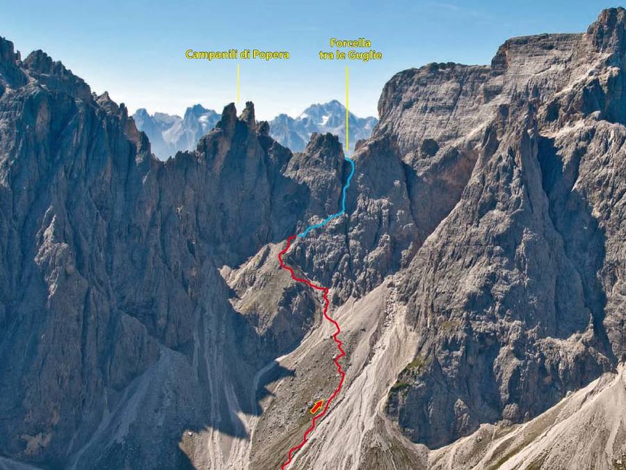 Difficoltà e informazioni generali: scalata difficile e in parte molto ripida, a volte richiede la forza delle braccia; la qualità della roccia, inoltre, lascia spesso a desiderare. In presenza di altri alpinisti il pericolo di caduta massi è maggiore. Le funi d’acciaio mal tese e le grandi distanze tra gli ancoraggi richiedono piede fermo e sufficente esperienza nell’ambiente montano!Le sicure della ferrata Roghel rientrano senza dubbio nella categoria del “ferro vecchio”!La scalata non può essere effettuata come escursione a sé stante, dato che non c’è un percorso di discesa facile e breve e in ogni caso è necessario superare l’impegnativa Cengia Gabriella. In caso di temporali, o forte pioggia, questo percorso è assolutamente da evitare (pericolo di consistenti cadute sassi e frane). Avvicinamento: dal Rifugio Lunelli (1568 m) si segue la segnaletica per il Rifugio Berti. Poco sotto il rifugio si deve attraversare il torrente. Lì, subito prima del ponte, si procede lungo una salita ben visibile (nessuna segnaletica e nessuna segnatura) a sinistra fino al sentiero un po’ più largo, segnavia N. 152 (segnatura). Lo si segue a sinistra fi no a quando un cartello (ferrata Roghel) indica come proseguire. Il sentiero segnato con punti rossi porta in ripida salita all’attacco della ferrata. Informazioni sul percorso: ci sono vie ferrate di gran lunga più belle della ferrata Roghel. Ma, inserita nell’anello del Monte Popera, per l’alpinista ben allenato e competente, è un’esperienza stimolante e grandiosa dal punto di vista del paesaggio. L’ascesa termina alla Forcella tra le Guglie (2540 m). Caratteristiche e dettagli tecnici: scalata diffi cile, assicurata quasi completamente con fune d’acciaio, con alcuni passaggi molto ripidi (spesso con gradini d’aiuto). La fune d’acciaio, in parte decisamente vecchia, è tesa in maniera mobile e lenta, gli ancoraggi troppo distanti tra loro, questo può mettere in difficoltà lo scalatore che sta dietro. Per questa salita è richiesta una buona tecnica di scalata e una solida esperienza alpina. Una caduta nella fune d’acciaio, non esattamene affidabile, potrebbe avere conseguenze fatali. Inoltre, la roccia è spesso scheggiabile e friabile, con rischio di caduta massi, e quindi richiede attenzione quando si procede in compagnia di altri escursionisti. Discesa in direzione Cengia Gabriella: sul versante posteriore della Forcella tra le Guglie si scende dapprima lungo cenge (funi d’acciaio) verso sinistra verso il fianco ovest della Prima Guglia di Stallata e si prosegue scendendo alla gola detritica ai piedi della parete. Questa porta giù fi no al punto più basso del sentiero (2300 m) nell’alta valle del Ciadin di Stallata (ca. 240 m dislivello in discesa, 45 minuti). Un po’ più sotto, a 2219 m, si trova il Bivacco Battaglione Cadore.
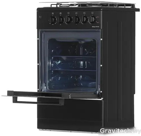газ+электро панель + электрический духовой шкаф, газ-контроль конфорок, поверхность: эмалированная сталь, крышка из закалённого стекла, энергопотребление A, управление механическое, без таймера, размеры (ШхГхВ): 50x57x85 см, цвет черный
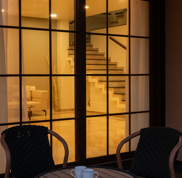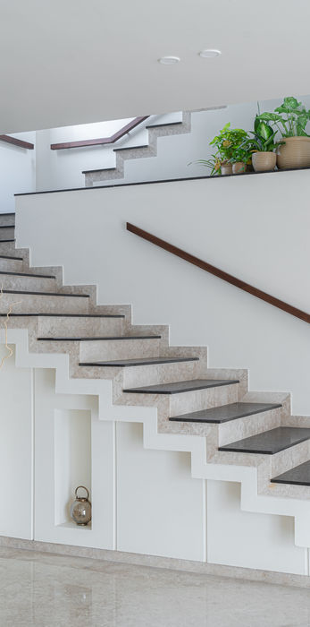 Raama Nirvanta is 4BHK housing scheme located in one of the posh neighbourhoods of the city. The interior design of the sample house here is kept open for incremental development. However, the spaces are articulated with basic colour scheme and furniture designed for a head start to styling the interior spaces.

[To do] Everything in the preceding material must be transcribed exactly, except the images.

[Completed task]
 Difficoltà e informazioni generali: scalata difficile e in parte molto ripida, a volte richiede la forza delle braccia; la qualità della roccia, inoltre, lascia spesso a desiderare. In presenza di altri alpinisti il pericolo di caduta massi è maggiore. Le funi d’acciaio mal tese e le grandi distanze tra gli ancoraggi richiedono piede fermo e sufficente esperienza nell’ambiente montano!Le sicure della ferrata Roghel rientrano senza dubbio nella categoria del “ferro vecchio”!La scalata non può essere effettuata come escursione a sé stante, dato che non c’è un percorso di discesa facile e breve e in ogni caso è necessario superare l’impegnativa Cengia Gabriella. In caso di temporali, o forte pioggia, questo percorso è assolutamente da evitare (pericolo di consistenti cadute sassi e frane). Avvicinamento: dal Rifugio Lunelli (1568 m) si segue la segnaletica per il Rifugio Berti. Poco sotto il rifugio si deve attraversare il torrente. Lì, subito prima del ponte, si procede lungo una salita ben visibile (nessuna segnaletica e nessuna segnatura) a sinistra fino al sentiero un po’ più largo, segnavia N. 152 (segnatura). Lo si segue a sinistra fi no a quando un cartello (ferrata Roghel) indica come proseguire. Il sentiero segnato con punti rossi porta in ripida salita all’attacco della ferrata. Informazioni sul percorso: ci sono vie ferrate di gran lunga più belle della ferrata Roghel. Ma, inserita nell’anello del Monte Popera, per l’alpinista ben allenato e competente, è un’esperienza stimolante e grandiosa dal punto di vista del paesaggio. L’ascesa termina alla Forcella tra le Guglie (2540 m). Caratteristiche e dettagli tecnici: scalata diffi cile, assicurata quasi completamente con fune d’acciaio, con alcuni passaggi molto ripidi (spesso con gradini d’aiuto). La fune d’acciaio, in parte decisamente vecchia, è tesa in maniera mobile e lenta, gli ancoraggi troppo distanti tra loro, questo può mettere in difficoltà lo scalatore che sta dietro. Per questa salita è richiesta una buona tecnica di scalata e una solida esperienza alpina. Una caduta nella fune d’acciaio, non esattamene affidabile, potrebbe avere conseguenze fatali. Inoltre, la roccia è spesso scheggiabile e friabile, con rischio di caduta massi, e quindi richiede attenzione quando si procede in compagnia di altri escursionisti. Discesa in direzione Cengia Gabriella: sul versante posteriore della Forcella tra le Guglie si scende dapprima lungo cenge (funi d’acciaio) verso sinistra verso il fianco ovest della Prima Guglia di Stallata e si prosegue scendendo alla gola detritica ai piedi della parete. Questa porta giù fi no al punto più basso del sentiero (2300 m) nell’alta valle del Ciadin di Stallata (ca. 240 m dislivello in discesa, 45 minuti). Un po’ più sotto, a 2219 m, si trova il Bivacco Battaglione Cadore.
газ+электро панель + электрический духовой шкаф, газ-контроль конфорок, поверхность: эмалированная сталь, крышка из закалённого стекла, энергопотребление A, управление механическое, без таймера, размеры (ШхГхВ): 50x57x85 см, цвет черный
 Raama Nirvanta is 4BHK housing scheme located in one of the posh neighbourhoods of the city. The interior design of the sample house here is kept open for incremental development. However, the spaces are articulated with basic colour scheme and furniture designed for a head start to styling the interior spaces.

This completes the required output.